Extracted records
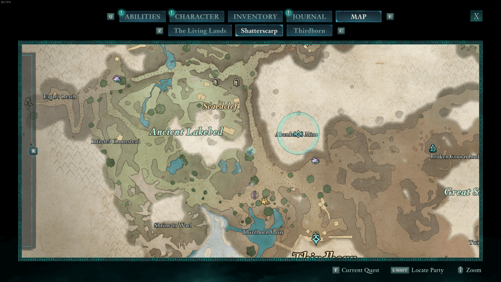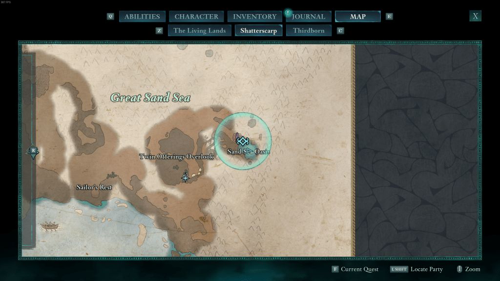 Finally, the last Totem of Revelations piece is the Sapphire Eye. Without fully exploring Shatterscarp, you would never know where this piece is located. To find it, head to the Sand Sea Oasis, which is right near the Sand Sea Ruins in the far eastern part of the map. Notably, the Sand Sea Oasis is a location you’ll visit for the One Last Drink side quest in Avowed.
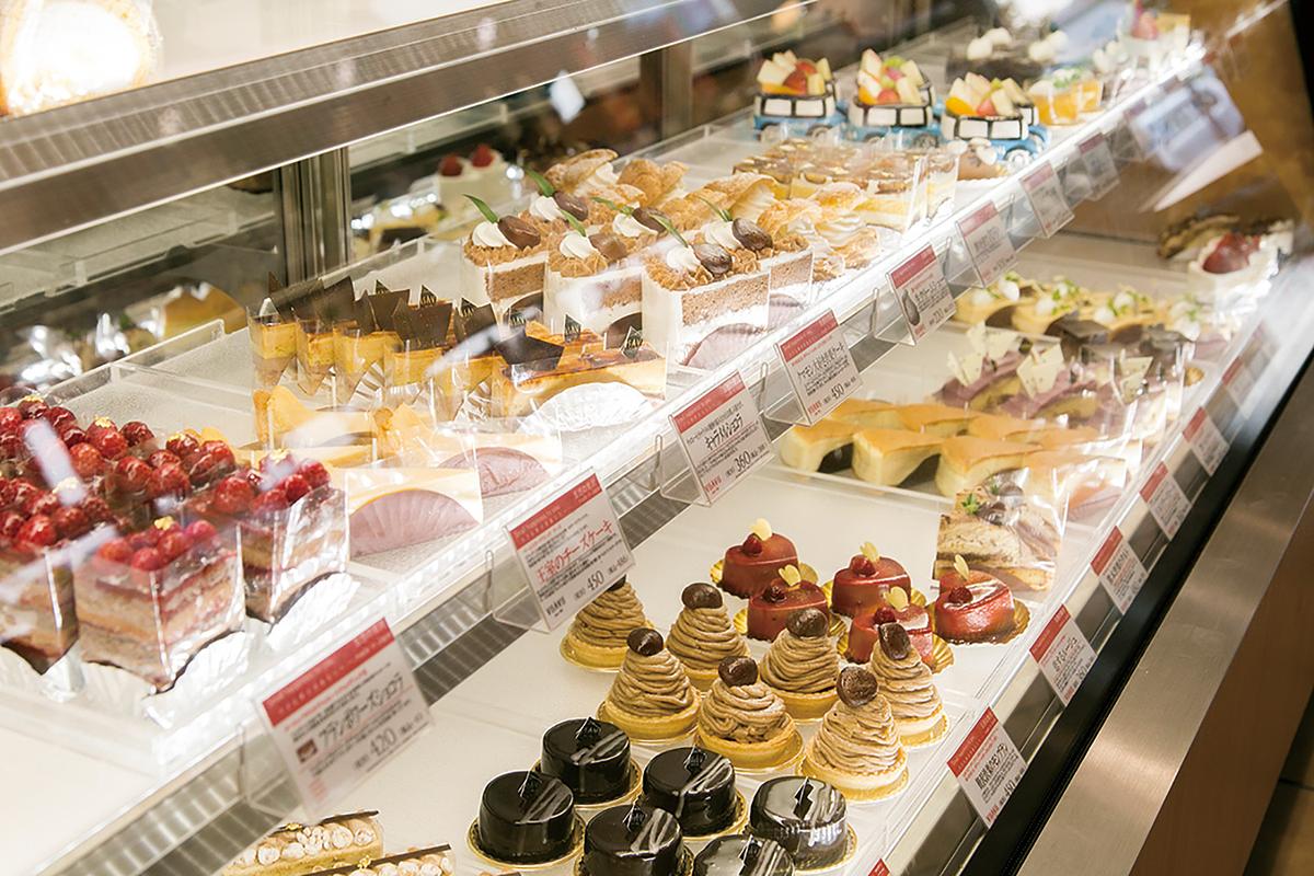 スイーツは40種以上。おすすめはイチゴのショートケーキ(¥420)。焼き菓子も40種以上そろう
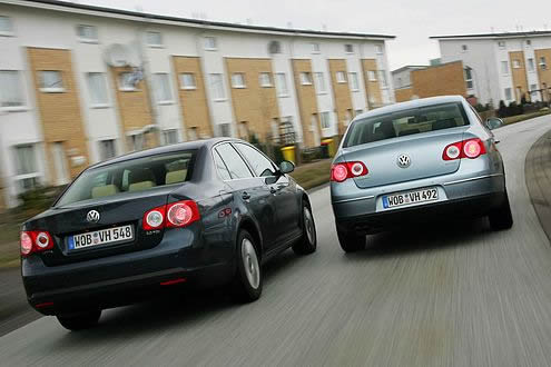 Если сравнивать друг с другом Passat и Jetta, первое что приходит в голову: Passat - чуть больше. У старшего фольксвагена чуть больший багажник, он оснащен немного более благородно, за это, естественно, стоит немного дороже. Ключевое слово здесь: немного! Passat с двигателем 2.0 в варианте Comfortline стоит минимум 30500 $. Jetta с тем же 150-сильным мотором, в той же комплектации Comfortline доступна за 28901$. Как видите, разница невелика, но это классовое различие. Стоит ли заплатить больше за Пассат, автомобиль классом выше?
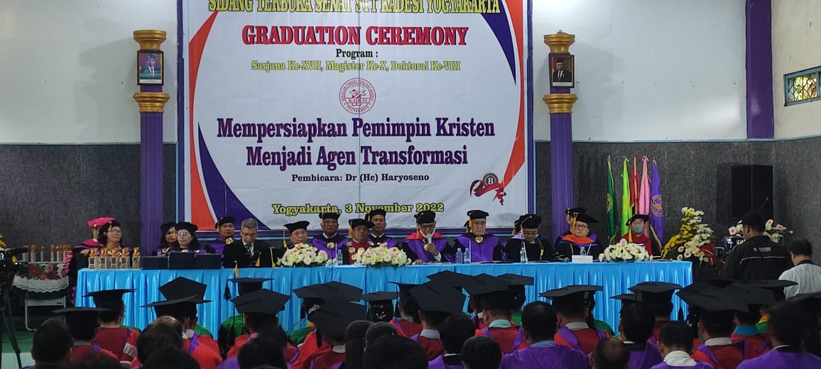 Pelaksanaan Prosesi Wisuda Sarjana ke XVII, Magister ke-X dan Doktoral ke-VIII STT KADESI Yogyakarta, di digelar secara langsung, setelah dua tahun aktifitas akademik terhambat karena pandemi covid-19, tema wisuda tahun 2022 yaitu “Mempersiapkan Pemimpin Kristen Menjadi Agen Transformasi” bertempat di Kampus STT KADESI Yogyakarta, Umbulharjo, Kapanewon Cangkringan, Sleman, Daerah Istimewa Yogyakarta, Kamis (3/11/2022).
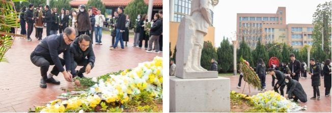 随后,党员们怀着崇敬之情走进李子芳纪念馆。在“少年归侨”到“上饶炼狱”八个主题展区,大家通过一组组照片和烈士遗物,系统回顾了李子芳烈士从海外赤子到革命志士、直至英勇就义的壮烈人生历程。在庄严肃穆的烈士雕像前,全体党员整齐列队并敬献鲜花,以崇高的礼节表达对革命先烈的深切缅怀和无限追思。通过实地学习,党员们深切感受到革命先辈用鲜血铸就的精神丰碑,一致表示要传承红色基因,赓续精神血脉,将先烈遗志转化为奋进新时代的磅礴力量。
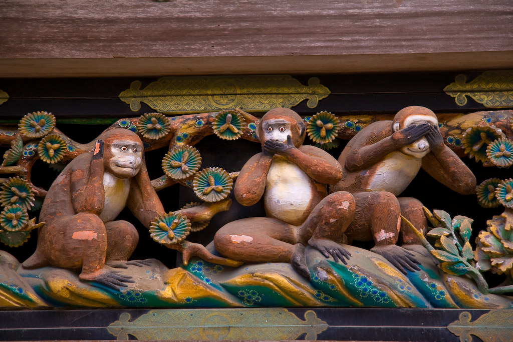 • три обезьяны (изображение трёх обезьян:) いわざる, きかざる, みざる ( не говорю, не слушаю, не смотрю, из которых одна закрывает лапами рот, другая уши, третья глаза, символизируя буддийский завет не говорить зла, не слушать зла, не смотреть на зло)

▶ _What this task involves_
Print the lines from the line with "Pelaksanaan Prosesi Wisuda" to the end of the data above. Include both ends, exclude the pictures, and add nothing else.

▶ _Your solution_
 Pelaksanaan Prosesi Wisuda Sarjana ke XVII, Magister ke-X dan Doktoral ke-VIII STT KADESI Yogyakarta, di digelar secara langsung, setelah dua tahun aktifitas akademik terhambat karena pandemi covid-19, tema wisuda tahun 2022 yaitu “Mempersiapkan Pemimpin Kristen Menjadi Agen Transformasi” bertempat di Kampus STT KADESI Yogyakarta, Umbulharjo, Kapanewon Cangkringan, Sleman, Daerah Istimewa Yogyakarta, Kamis (3/11/2022).
 随后,党员们怀着崇敬之情走进李子芳纪念馆。在“少年归侨”到“上饶炼狱”八个主题展区,大家通过一组组照片和烈士遗物,系统回顾了李子芳烈士从海外赤子到革命志士、直至英勇就义的壮烈人生历程。在庄严肃穆的烈士雕像前,全体党员整齐列队并敬献鲜花,以崇高的礼节表达对革命先烈的深切缅怀和无限追思。通过实地学习,党员们深切感受到革命先辈用鲜血铸就的精神丰碑,一致表示要传承红色基因,赓续精神血脉,将先烈遗志转化为奋进新时代的磅礴力量。
 • три обезьяны (изображение трёх обезьян:) いわざる, きかざる, みざる ( не говорю, не слушаю, не смотрю, из которых одна закрывает лапами рот, другая уши, третья глаза, символизируя буддийский завет не говорить зла, не слушать зла, не смотреть на зло)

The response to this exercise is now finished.